Ao acordarmos, o que para Maria ocorreu quando a lua ainda brilhava
no céu, fomos presenteados com um café da manhã feito com o maior carinho.
O que mais impressionou é que tudo aquilo foi feito sob a luz de uma vela e
com muito cuidado para não fazer nenhum barulho. O prazer de recepcionar
oferecendo tudo o que tinham de melhor para todos, banana filha, beiju,
mandioca cozida, biscoito de polvilho, café quentinho, achocolatado misturado
a leite líquido e em pó, revela a hospitalidade e a gentileza dos povos
tradicionais da Amazônia.
Observamos que o banheiro com paredes de madeira era externo à
casa e divide-se em dois espaços, no primeiro estava um grande reservatório
de água com se fosse uma caixa de água feita com tijolos e cimento com uma
mesa e um tanquinho elétrico ao lado e, no segundo, estava o vaso sanitário e
o chuveiro. Para entrar no segundo espaço obrigatoriamente tinha que passar
pelo primeiro.
Enquanto o grupo tomava o café da manhã, Maria já havia separado as
roupas para lavar, recolhido as que estavam no varal, auxiliado os filhos para
mandá-los à escola e lavado parte da louça suja. Após o café e o banho, o
grupo de pesquisadores iniciou a caminhada com o Senhor Chico, como guia,
até o Santuário da Santa Raimunda do Bom Sucesso. Essa Santa popular
ainda não é canonizada, mas conta com inúmeros devotos, principalmente
peruanos e bolivianos.
As crianças vinham de todos os lados, a maioria sozinha e outras
acompanhadas pelos pais que naquele dia teriam uma reunião na escola. Os
pequenos calçavam chinelos ou botas. Chegavam a pé ou na garupa de motos
guiadas por adolescentes sem nenhum capacete. Uns traziam caderno
debaixo do braço, o lápis e a borracha na mão e outros com algumas folhas e
os tocos de lápis e borracha.
Dona Maria não pensa em manter seus filhos para sempre no seringal, e
disse que tem vontade de ver seus filhos saírem dali para estudar, para ter
uma vida melhor, embora a própria não possua nenhum desejo de sair do
seringal, porque não conseguiria viver na cidade, devido à bagunça e o
barulho.
No caminho ao Santuário da Santa Raimunda do Bom Sucesso, o
senhor Chico relatava não somente sobre a santa, mas também sobre
assuntos como a vida na localidade, sobre a floresta (fauna e flora) e alguns
causos. Dona Maria, no entanto, ficou com seus compromissos: a casa, a
criação e as crianças.
Vale lembrar que os personagens aqui observados não possuem vínculo
matrimonial, o marido de dona Maria, estava doente e ficará em casa, a
esposa do senhor Chico também ficou na sua nova casa, devido não mais
trabalharem na exploração da seringa. A comunidade, na atualidade, propicia
aos seus moradores ganharem a vida com o turismo religioso, sendo que a
Santa movimenta a economia local atraindo peruanos e bolivianos, talvez até
pela proximidade das fronteiras com estes países.

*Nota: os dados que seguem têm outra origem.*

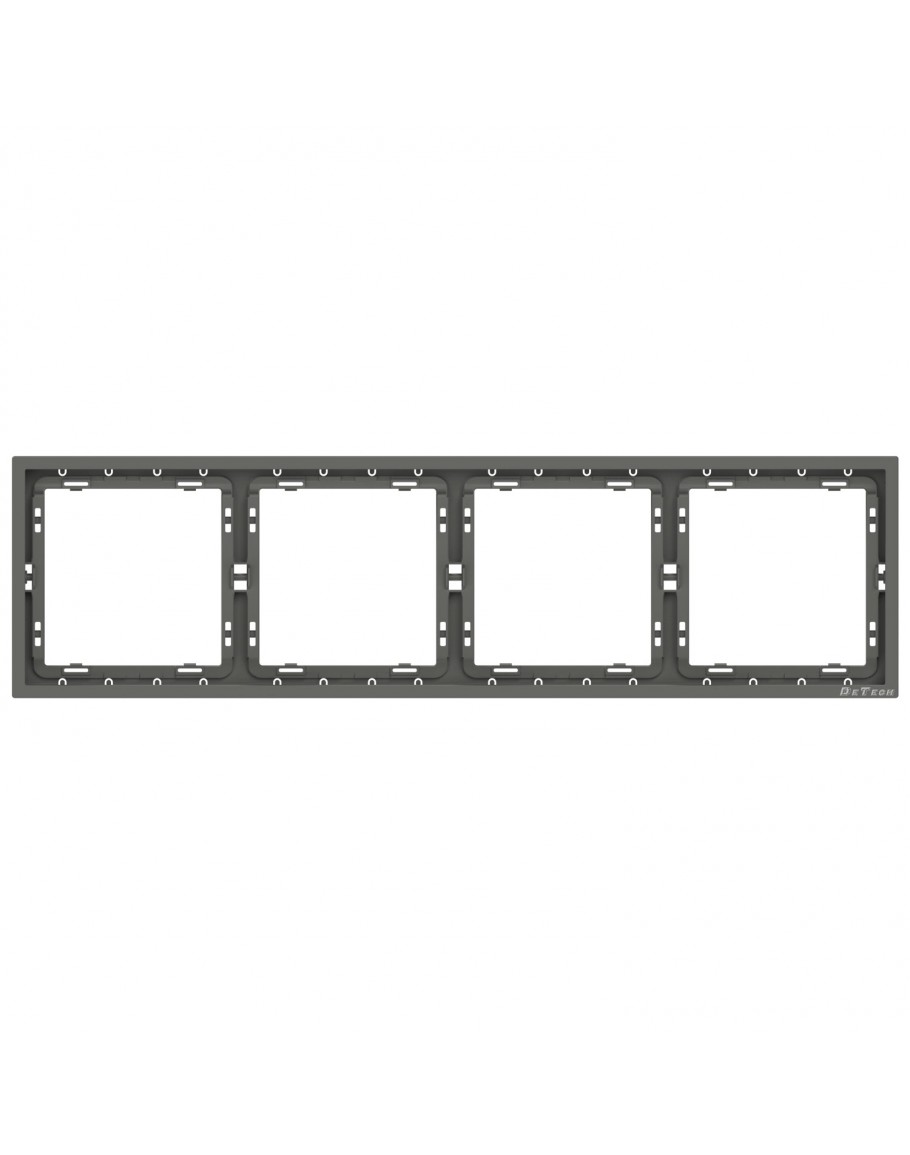 Хоризонтална рамка в сив цвят и висококачествено матово покритие. За комбиниран монтаж на четири електрически модула от серията DE-9227 на DeTech.

Agora pode surgir o questionamento: Então como foi analisar esta
relação de divisão de tarefas quando os personagens nem moram na mesma
casa ou sequer possuem laços matrimoniais? Para isso, é necessário se afixar
em suas histórias de vida e no desenvolvimento de suas atividades.
Dentre os assuntos relatos por Chico, um deles era as divisões de
tarefas na localidade, o que foi reiterado por dona Maria que afirmou e muitas
vezes complementou a informação.
Durante o retorno do Santuário, dezenove quilômetros percorridos, o
grupo de acadêmicos se dividiu em dois, os mais ágeis vinham na frente
guiados pelo Senhor Chico e o outro mais atrás, num ritmo menos acelerado
era conduzido por uma das alunas do mestrado que também conhecia bem o
local.
No primeiro grupo, após se distanciarem bem do segundo, foi dado uma
pausa pelo senhor Chico e este propôs um desafio às acadêmicas, como o
“teste do facão”, para ver quem poderia ficar na localidade. Apesar de ser uma
brincadeira demonstrava uma das dificuldades e destrezas que as mulheres
da localidade enfrentavam para manejar o instrumento de trabalho.

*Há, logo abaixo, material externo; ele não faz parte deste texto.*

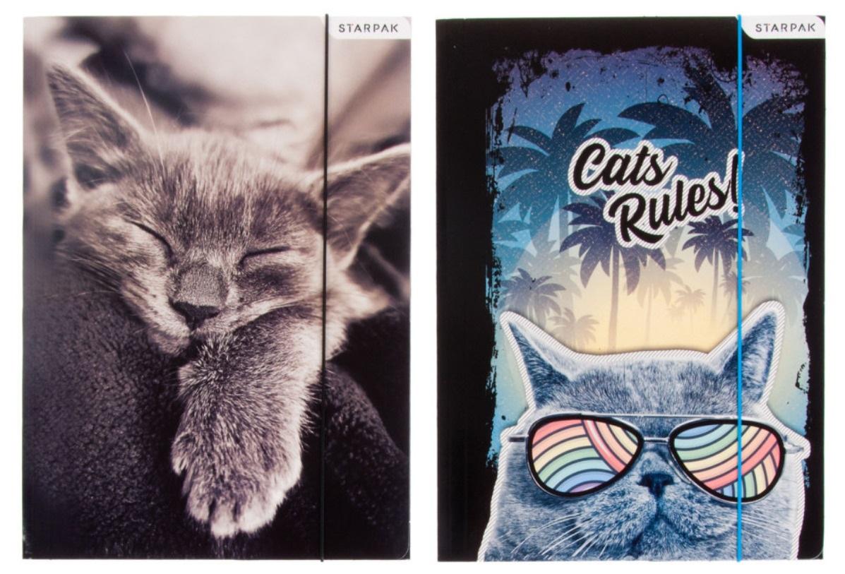 Teczka z gumką z kolecji Starpak do przechowywania dokumentów, dyplomów i prac artystycznych. Teczka posiada laminowaną powierzchnię z grafiką z kotkami. Otworki na gumkę zabezpieczono nitami. Gumkę w oplocie wykonano z estetycznej tkaniny. W środku teczki na okładce, znajduje się plan lekcji oraz pomoce dydaktyczne. Zapoznaj się również z innymi produktami Starpak! Produkt przeznaczony dla dzieci w wieku: 3+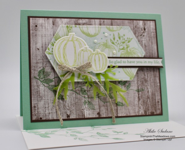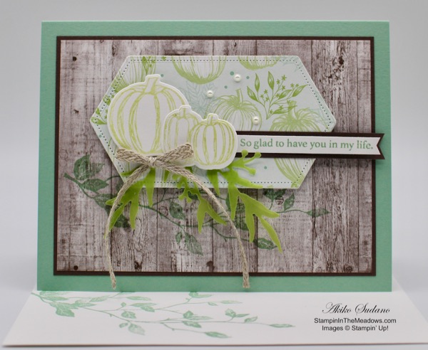 Good Morning! Today’s card is another fall card using the wonderful Stampin’ Up! Gather Together photopolymer stamp set. This is an autumn friendship card with pumpkins and vellum leaves and the sweet sentiment So glad to have you in my life from the Gather Together stamp set. You can find the supplies used to create this card at the bottom of my post along with the sizes of cardstock used.

Ao chegarmos à residência, onde estávamos hospedados, as crianças e
adolescentes nos esperavam para assistir o filme sugerido por uma das
mestrandas, comendo guloseimas, levadas pelo Programa de Mestrado, o que
para eles era um grande presente, enquanto Maria já havia preparado o
lanche, cuidado da criação, da horta, das roupas e estava no preparo da janta.

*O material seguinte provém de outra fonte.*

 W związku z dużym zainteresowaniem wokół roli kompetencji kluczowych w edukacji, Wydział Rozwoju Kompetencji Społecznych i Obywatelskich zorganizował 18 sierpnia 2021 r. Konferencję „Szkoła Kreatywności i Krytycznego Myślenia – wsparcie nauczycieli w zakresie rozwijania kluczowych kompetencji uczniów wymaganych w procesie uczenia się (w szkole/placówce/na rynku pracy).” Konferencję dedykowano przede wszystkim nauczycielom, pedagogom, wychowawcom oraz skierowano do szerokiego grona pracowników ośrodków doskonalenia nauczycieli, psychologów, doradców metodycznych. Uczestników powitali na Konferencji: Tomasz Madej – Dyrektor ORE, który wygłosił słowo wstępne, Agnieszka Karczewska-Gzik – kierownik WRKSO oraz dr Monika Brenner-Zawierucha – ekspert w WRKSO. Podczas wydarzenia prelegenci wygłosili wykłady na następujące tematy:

O fornecimento de energia naquela localidade, assim como se pode
perceber na região, é precário e em um curto espaço de um dia já havia
faltado duas vezes o que nos impossibilitou passar um filme às crianças e aos
adolescentes, atividade substituída por um momento de desenho, proposto por
nós para não frustrar a espera dos pequenos.
Após tudo pronto, criança em casa, casa limpa e arrumada, janta pronta,
e todos retornados do santuário, dona Maria falou sobre seus afazeres e
mostrou um espaço que era utilizada pelas mulheres para a produção das
biojóias, que já não eram mais produzidas devido à dificuldade de competir
com os produtos oferecidos na cidade e semelhantes ao que elas montavam
na localidade.
Na visão de Chico, que havia relatado sobre esta atividade frustrada na
comunidade, durante o trajeto a caminho do Santuário, foi fracassado em
razão da chegada da energia no local, pois logo adquiriram televisores e as
novelas e outros atrativos substituíram o trabalho das biojóias.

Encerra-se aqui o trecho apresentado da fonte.